Digging around in the family history

I'm up against a deadline. My old English teacher and friend, John Walker, wrote that the deadline for submitting family histories for the Exira, Iowa Sesquicentennial history book is June 1st. So I'm busy trying to get something put together.

From records compiled by my dad's cousin, Beverly Huffman, of Atlantic, Iowa, I have managed to put a basic shell together and have forwarded it to my family for correction and comment.

There are some interesting family stories that Beverly has gathered, and I will put some of them down in print here.

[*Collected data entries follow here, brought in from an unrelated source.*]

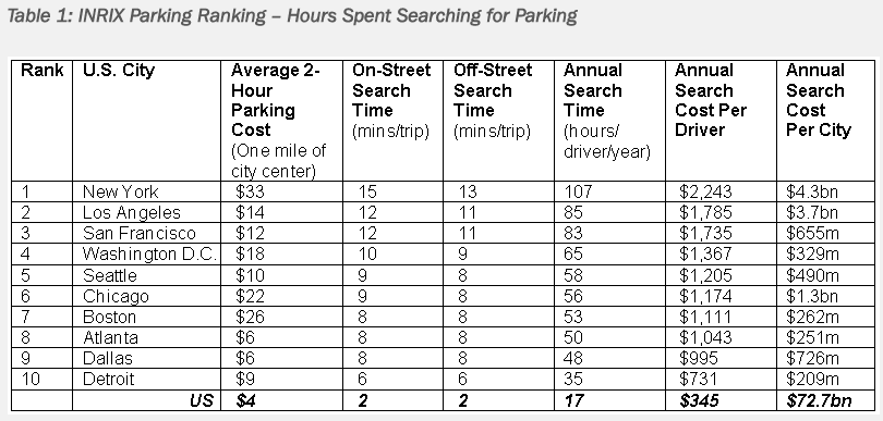 Today, one of the biggest headaches for civil planners is the growth of traffic congestion and demand for parking, especially considering cars are one of the most inefficient and expensive assets owned by Americans. According to the Governors Highway Safety Association, the average private car is parked 95% of the time. Billions of dollars of real estate in America is dedicated to parking. For example, in a city like Seattle, 40% of the land is consumed by parking. Furthermore, INRIX analytics estimates that more than $70 billion is spent by Americans looking for parking. The average driver wastes $345 a year in time, fuel and emissions. “Parking pain costs much more…New Yorkers spend 107 hours a year looking for parking spots at a cost of $2,243 per driver,” states INRIX.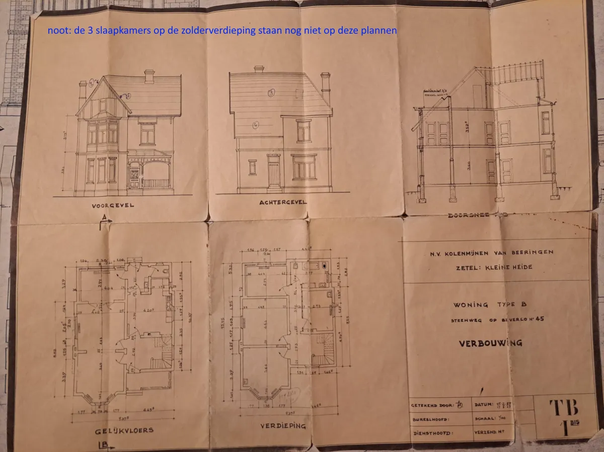 De originele bouwplannen vind je bij de foto's, maar de zolder op de 2de verdieping werd pas later verbouwd om 3 extra slaapkamers te creëren.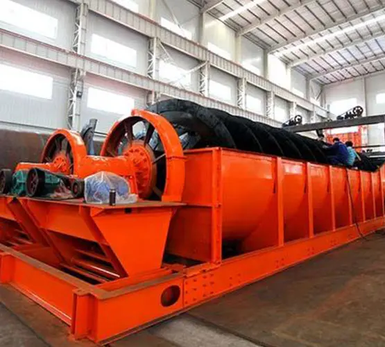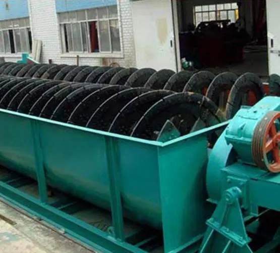 螺旋分级器由一个倾斜的槽组成,在槽内有一或两个轴装的钢带螺旋,或称螺旋,沿着槽底的长度缓慢旋转,且与槽底平行。螺旋不接触槽的底部或侧面。螺旋轴通过旋转,在槽池内产生轻微的搅动,并将沉淀的固体物料从槽中输送出去。螺旋延伸到槽池表面之外,使粗颗粒固体脱水。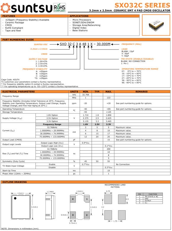 Suntsu晶振,SXO32C晶振,SXO32C3A481X-24.000M晶振,小型SMD有源晶振,從最初超大體積到現(xiàn)在的7050mm,6035mm,5032mm,3225mm,2520mm體積,有著翻天覆地的改變,體積的變小也使產(chǎn)品帶來了更高的穩(wěn)定性能,接縫密封石英晶體振蕩器,精度高,覆蓋頻率范圍寬的特點(diǎn),SMD高速自動安裝和高溫回流焊設(shè)計,Optionable待機(jī)輸出三態(tài)輸出功能,電源電壓范圍:1.8V~5V,高穩(wěn)定性,低抖動,低功耗,主要應(yīng)用領(lǐng)域:無線通訊,高端智能手機(jī),平板筆記本W(wǎng)LAN,藍(lán)牙,數(shù)碼相機(jī),DSL和其他IT產(chǎn)品的晶振應(yīng)用,三態(tài)功能,PC和LCDM等高端數(shù)碼領(lǐng)域,符合RoHS/無鉛.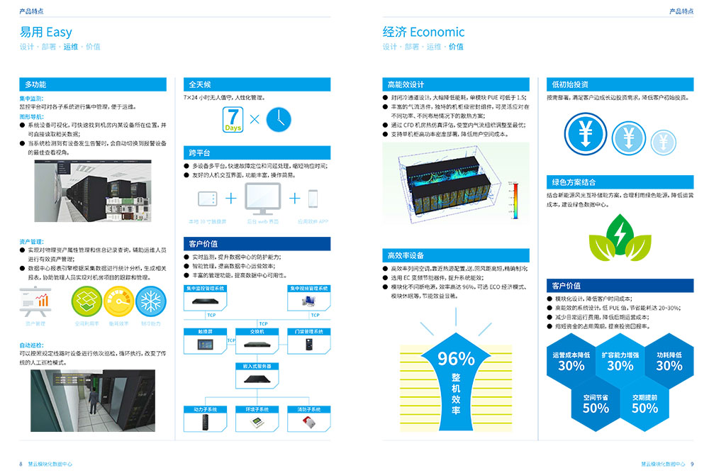 ●高能效的系統設計,低PUE值,節省能耗達20~30%;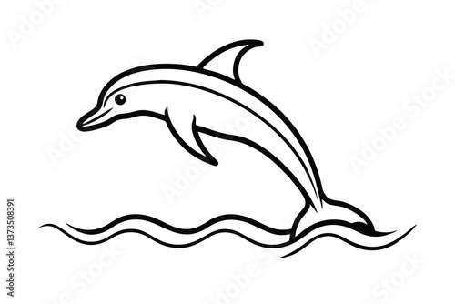 © Uttam, Fototapeta premium Leaping Dolphin Ocean Waves Aquatic Wildlife Marine Animal Cartoon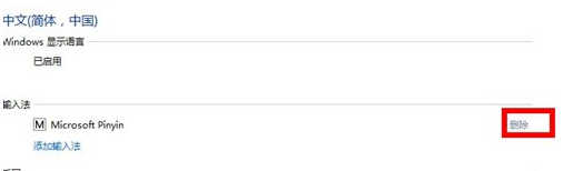 3.接下来的界面中,咱们就可以看到目前win8电脑中自带的所有的输入法。在每个输入法的后方,都有一个删除的按钮,大家不需要哪个输入法,就直接点击后方的删除键即可。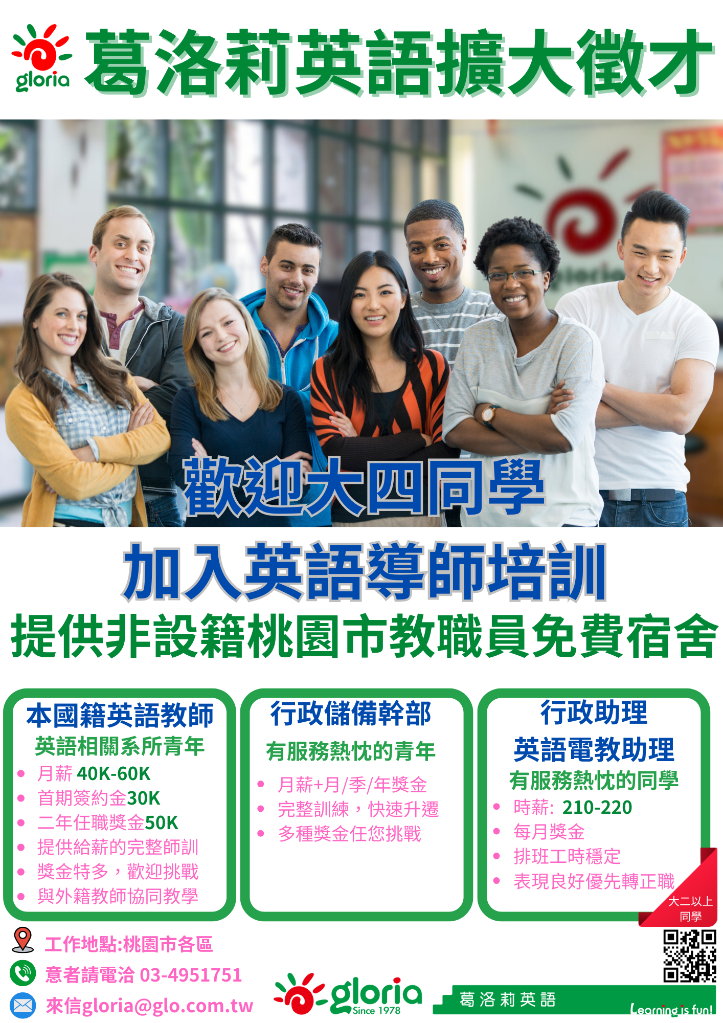 2026/04/08 11:58 [企業徵才]葛洛莉英語文教機構徵求全職英語教師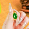 当前位置:首页>商品详情>洛丽亚洛丽亚精致镂空设计银镶嵌天然和田玉碧玉菠菜绿蛋面戒指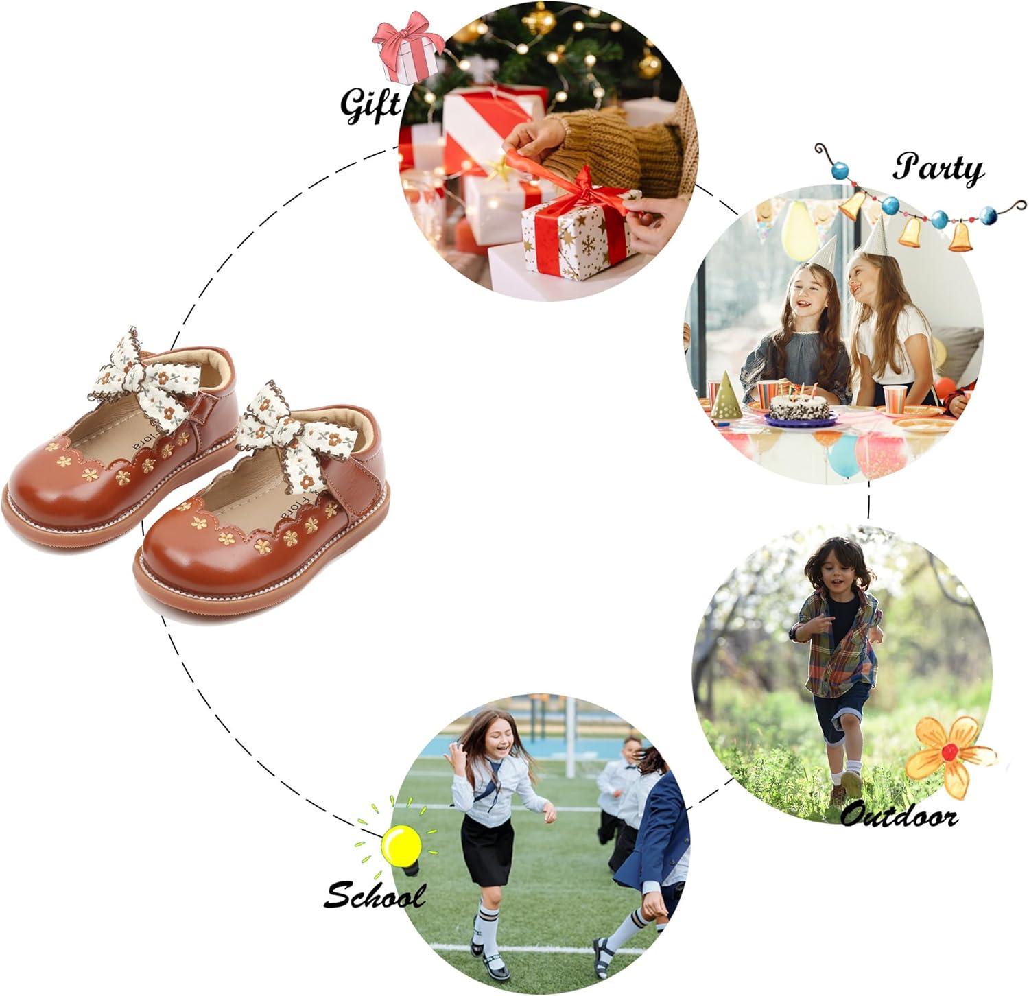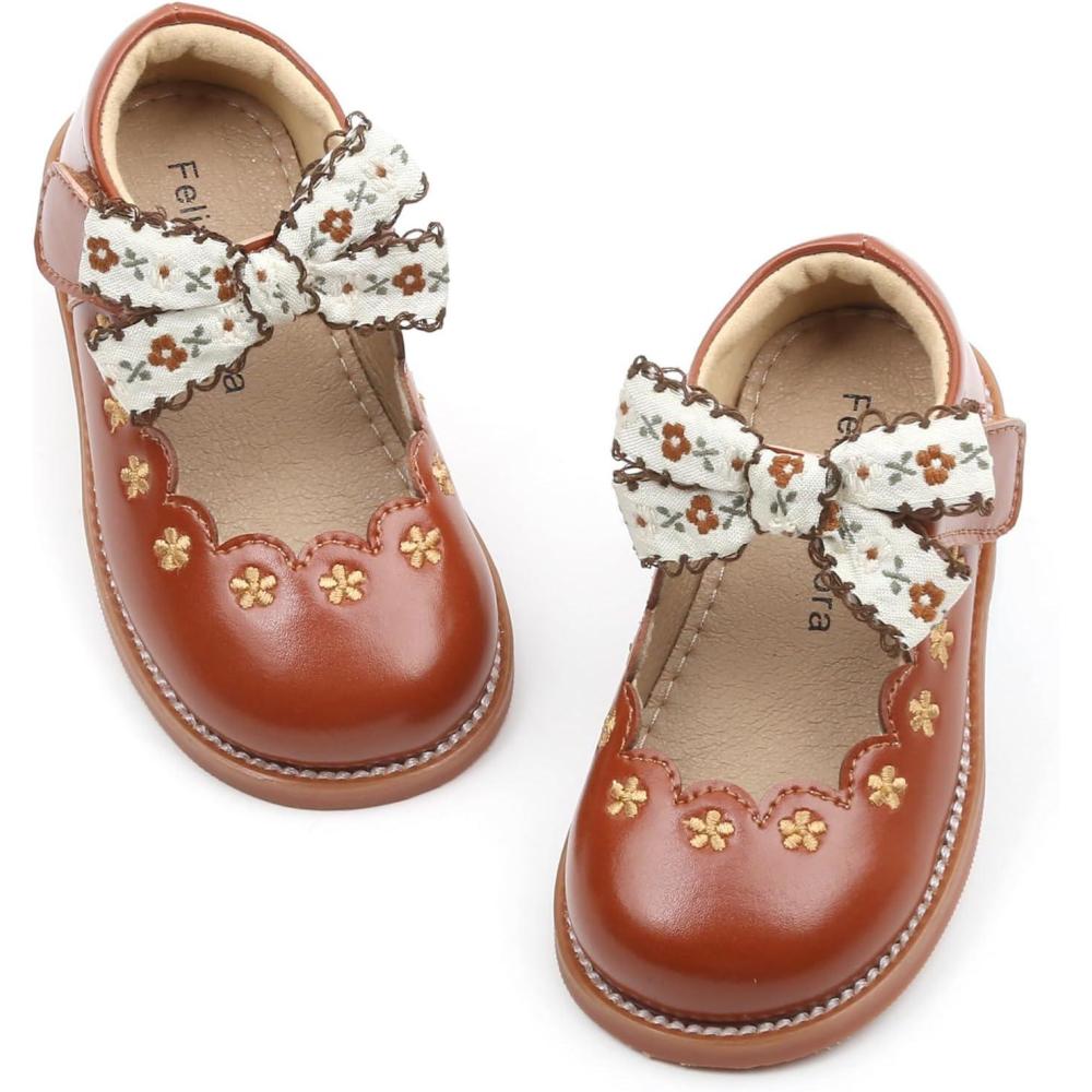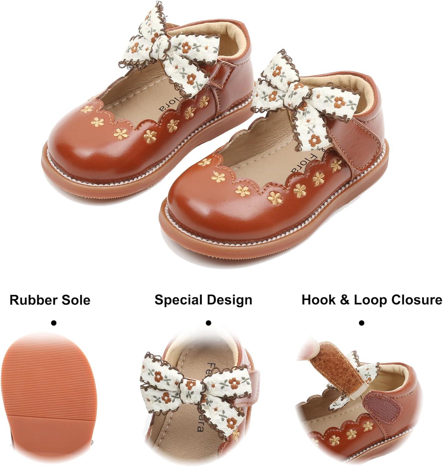 Felix & Flora Toddler Little Girl Mary Jane Dress Shoes – Ballet Flats for Girl Party School Shoes(B402-brown)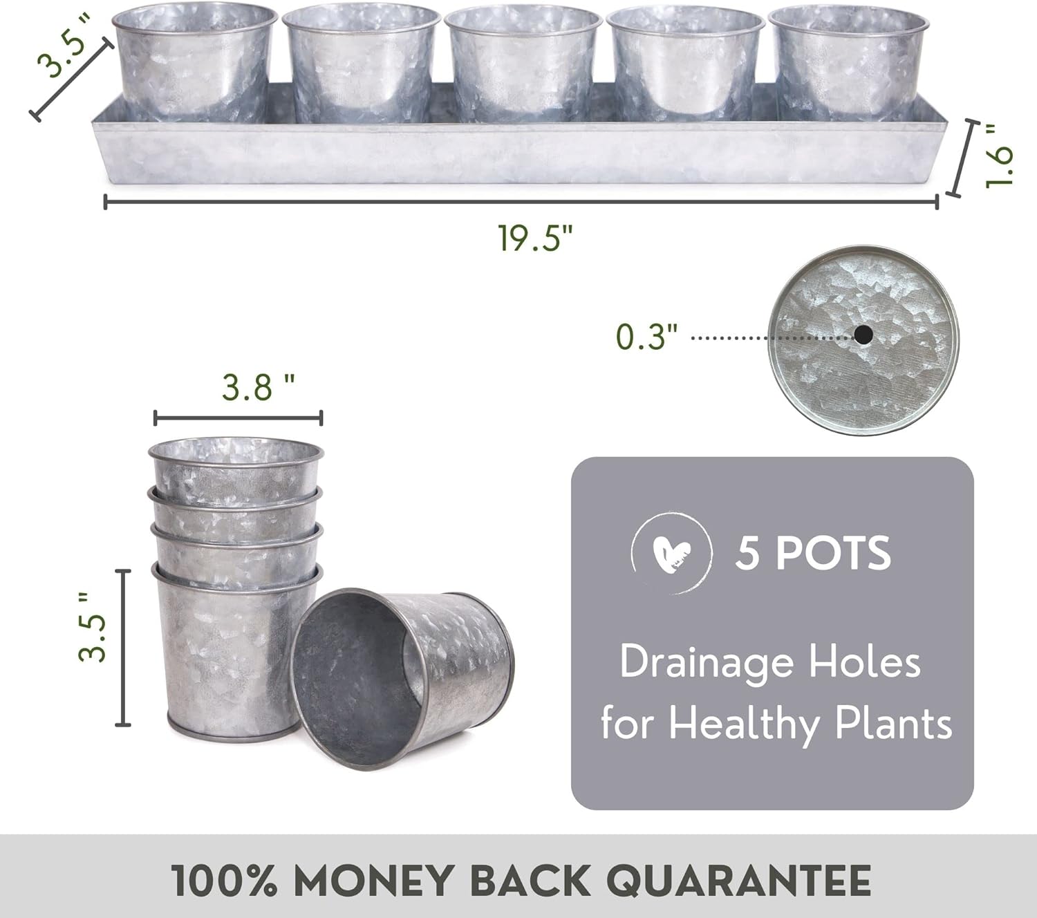 - STYLISH FARMHOUSE DECOR – This stylish and unique set of 5 galvanized garden pots combines practical design and superior functionality. Herb planters for indoor plants is a convenient addition to any chef's or home cook's kitchen

The first folks in the Meyer family to come over from Germany, more specifically from the province of Holstein in northern Germany, were Jacob John (1825-1889 or 1899) and Magdalena Angela Bornholdt Meyer (1830-1911). I will now quote from Beverly's history:

Jacob John Meyer came to this country from Holstein, Germany, in 1854. He landed at New York and journeyed to Chicago, where he worked for a while. From Chicago he went to Moline in Rock Island County, Illinois, and finally homesteaded the farm near Port Byron, Illinois. The farm belonged in the Meyer family until 1934. Magdalena also came to America from Germany as a young woman. After the death of her husband, she moved to Des Moines, Iowa.

Children:

A. Meyer, Eliza born August 24, 1855 died September 21, 1931
B. Meyer, Mary born February 9, 1858 died March 13, 1946
C. Meyer, George born January 17, 1860 died June 18, 1930
D. Meyer, Robert born June 15, 1865 died March, 1934
C. Meyer, Henry born February 7, 1868 died August, 1848

According to some members of the Meyer family, Magdalena and Jacob were living together as common law man and wife until the children were grown, and Magdalena decided they should be married. So they were secretly married at the farm at Port Byron, Illinois.

My great-grandfather was George Meyer, who eventually settled in Audubon County, Iowa, in 1891. An interesting tidbit that I delved out of the 1880 census records for the family, which I got access to through what you can get for free at Ancestry.com, was that the census taker, as many English speakers are apt to do, misspelled the name "Meyer" to "Myer" when he interviewed the family. The town listed on the census was Coe, Illinois, in Rock Island county.